Помолчали. Значит, точно не уйдет? Решено твердо и окончательно? Ладно. На нет и суда нет. Как ни странно, но Саша ощутил облегчение, когда стало ясно, что Женевьев остается. С ней он почему-то чувствовал себя защищенным. Это все поцелуи глупые виноваты, шептал внутренний дознаватель, поцелуи и ничто другое.
И хотя капитан просил Женевьев не задавать вопросов, та все-таки стала его донимать. А он, в общем-то, был готов и даже не рассердился. Он видел, что это не обычное любопытство. Просто женщинам всегда нужно знать, что происходит. Иначе они могут пропустить что-то интересное, а это совершенно невозможно. Правда, в нашем случае интересного было мало, больше страшного и непонятного. Именно поэтому ничего толкового он и не мог ей ответить. Сами подумайте: все эти блюстители, миры, вся эта война — сумасшедший дом, да и только…
— А почему он сказал, чтобы я, смертная, не вмешивалась? Он что — бессмертный?
— Чушь собачья. Выдумки. Бессмертных не существует, — отрезал Саша.
— Дай-то бог, чтобы так, — ввязался тесть, и вид у него при этом сделался самый мрачный.
Все эти разговоры только распалили Женевьев. А если все-таки, спросила она, если все-таки он бессмертный? Есть у нас шанс с ним справиться?

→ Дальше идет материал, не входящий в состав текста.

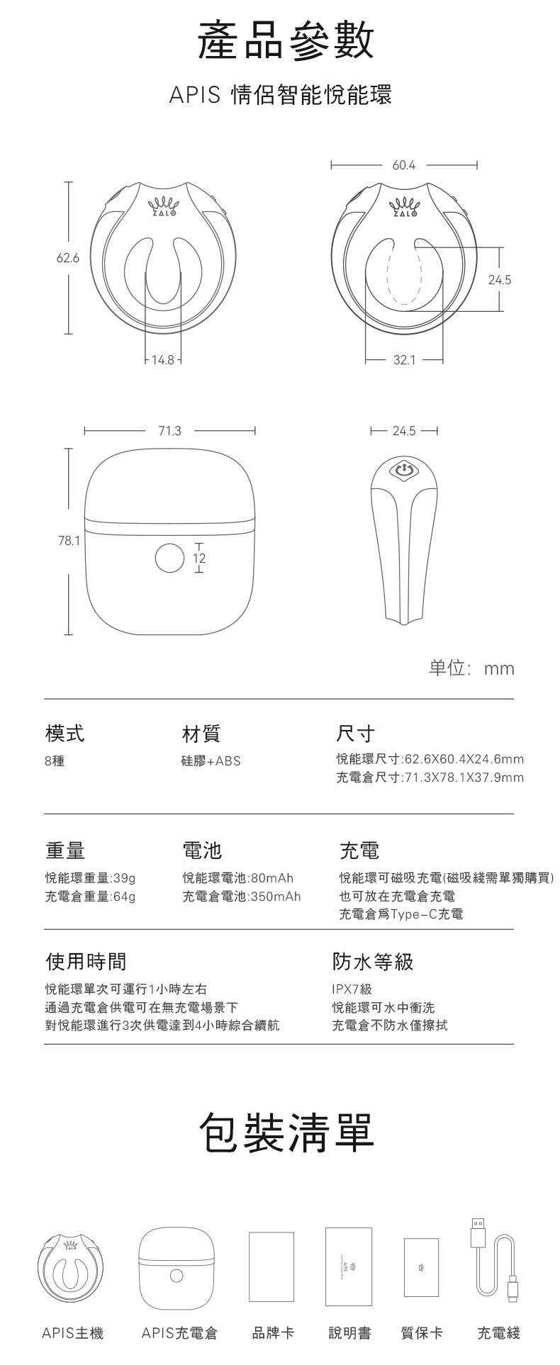 With liquid silicone for a snug fit, IPX7 waterproof main unit for easy cleaning, a charging case doubling as a 5-meter remote, and noise under 40 dB, it offers discreet power. Main unit provides 60 minutes of use, with an extra 240 minutes via the charging case. Packaged in a 110 x 130 x 55mm box weighing 265.8g. Made by ZALO in China, includes ring, case, cable, and manual. Shop now to ignite passion with the ZALO - Apis Portable APP-Controlled Couples Vibrating Cock Ring!

— Откуда я знаю?! — не выдержал капитан. — Есть шанс! Нету шанса! Я с бессмертными не воевал ни разу. Я не Дункан Маклауд, у меня другая профессия — это ты понимаешь?
Женевьев понимала. Он и правда не похож на Дункана Маклауда. Но ведь Валера думает, что Саша какой-то там блюститель, и поэтому хочет его убить. Почему же Саша не сказал Валере, что он обычный человек? Капитан рассердился: что за глупый вопрос? Валера этот, похоже, просто с дуба рухнул. И чего теперь, с каждым психом теоретические беседы о бессмертии вести?
Тут забрюзжал тесть. Не знаю, сказал, как остальные, а лично он, Петрович, — старый человек. Без пяти минут персональный пенсионер и патриот своей родины. И как пенсионер и патриот он категорически отказывается принимать смерть от какого-то коня в пальто, пусть даже и бессмертного.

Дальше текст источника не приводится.